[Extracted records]
######

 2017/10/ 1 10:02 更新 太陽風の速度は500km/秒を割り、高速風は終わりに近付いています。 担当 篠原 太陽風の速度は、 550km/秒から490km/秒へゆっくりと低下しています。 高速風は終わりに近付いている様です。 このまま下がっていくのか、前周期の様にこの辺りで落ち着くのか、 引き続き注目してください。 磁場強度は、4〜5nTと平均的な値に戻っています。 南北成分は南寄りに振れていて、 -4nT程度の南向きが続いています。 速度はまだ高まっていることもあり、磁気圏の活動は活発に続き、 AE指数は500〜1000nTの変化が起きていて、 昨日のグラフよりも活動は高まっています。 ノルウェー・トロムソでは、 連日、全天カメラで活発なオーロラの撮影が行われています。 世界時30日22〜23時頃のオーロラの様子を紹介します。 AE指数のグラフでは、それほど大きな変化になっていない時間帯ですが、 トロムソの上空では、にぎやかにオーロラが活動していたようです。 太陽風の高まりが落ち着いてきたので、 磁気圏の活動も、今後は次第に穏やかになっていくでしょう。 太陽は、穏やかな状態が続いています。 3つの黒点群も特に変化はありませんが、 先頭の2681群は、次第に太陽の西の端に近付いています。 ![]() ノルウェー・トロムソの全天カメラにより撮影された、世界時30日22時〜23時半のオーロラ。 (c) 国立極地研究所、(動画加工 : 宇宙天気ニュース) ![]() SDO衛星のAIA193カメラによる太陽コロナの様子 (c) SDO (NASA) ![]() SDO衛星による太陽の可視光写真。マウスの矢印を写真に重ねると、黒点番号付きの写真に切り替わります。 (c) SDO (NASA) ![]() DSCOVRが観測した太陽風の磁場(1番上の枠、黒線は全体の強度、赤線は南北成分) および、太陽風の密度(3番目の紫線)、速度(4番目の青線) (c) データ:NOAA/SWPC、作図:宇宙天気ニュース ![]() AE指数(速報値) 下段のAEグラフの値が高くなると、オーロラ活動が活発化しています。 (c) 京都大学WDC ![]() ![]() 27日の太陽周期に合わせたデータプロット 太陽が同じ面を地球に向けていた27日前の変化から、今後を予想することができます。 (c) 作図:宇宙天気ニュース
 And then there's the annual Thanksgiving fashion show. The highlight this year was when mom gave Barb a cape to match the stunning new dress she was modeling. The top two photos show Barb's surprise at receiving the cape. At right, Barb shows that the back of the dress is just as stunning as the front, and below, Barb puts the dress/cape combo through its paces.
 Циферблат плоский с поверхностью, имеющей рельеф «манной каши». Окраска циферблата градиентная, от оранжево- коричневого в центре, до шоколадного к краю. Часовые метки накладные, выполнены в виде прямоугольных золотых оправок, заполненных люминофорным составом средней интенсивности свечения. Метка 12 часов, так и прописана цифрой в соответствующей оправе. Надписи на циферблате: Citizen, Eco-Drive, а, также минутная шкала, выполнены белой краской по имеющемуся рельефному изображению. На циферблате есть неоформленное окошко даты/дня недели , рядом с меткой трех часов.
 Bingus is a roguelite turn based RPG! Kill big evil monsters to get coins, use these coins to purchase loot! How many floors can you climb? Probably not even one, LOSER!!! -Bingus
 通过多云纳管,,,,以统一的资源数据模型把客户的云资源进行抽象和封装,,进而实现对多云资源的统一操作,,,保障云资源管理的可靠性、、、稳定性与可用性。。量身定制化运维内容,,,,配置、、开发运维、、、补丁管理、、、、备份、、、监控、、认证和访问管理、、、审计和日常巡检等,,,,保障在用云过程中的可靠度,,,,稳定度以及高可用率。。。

######

» EXERCISE DESCRIPTION
Reproduce exactly the lines from the one with "Циферблат плоский с" through the end of the entries above, both ends included.

» OUTPUT OF THE EXERCISE
 Циферблат плоский с поверхностью, имеющей рельеф «манной каши». Окраска циферблата градиентная, от оранжево- коричневого в центре, до шоколадного к краю. Часовые метки накладные, выполнены в виде прямоугольных золотых оправок, заполненных люминофорным составом средней интенсивности свечения. Метка 12 часов, так и прописана цифрой в соответствующей оправе. Надписи на циферблате: Citizen, Eco-Drive, а, также минутная шкала, выполнены белой краской по имеющемуся рельефному изображению. На циферблате есть неоформленное окошко даты/дня недели , рядом с меткой трех часов.
 Bingus is a roguelite turn based RPG! Kill big evil monsters to get coins, use these coins to purchase loot! How many floors can you climb? Probably not even one, LOSER!!! -Bingus
 通过多云纳管,,,,以统一的资源数据模型把客户的云资源进行抽象和封装,,进而实现对多云资源的统一操作,,,保障云资源管理的可靠性、、、稳定性与可用性。。量身定制化运维内容,,,,配置、、开发运维、、、补丁管理、、、、备份、、、监控、、认证和访问管理、、、审计和日常巡检等,,,,保障在用云过程中的可靠度,,,,稳定度以及高可用率。。。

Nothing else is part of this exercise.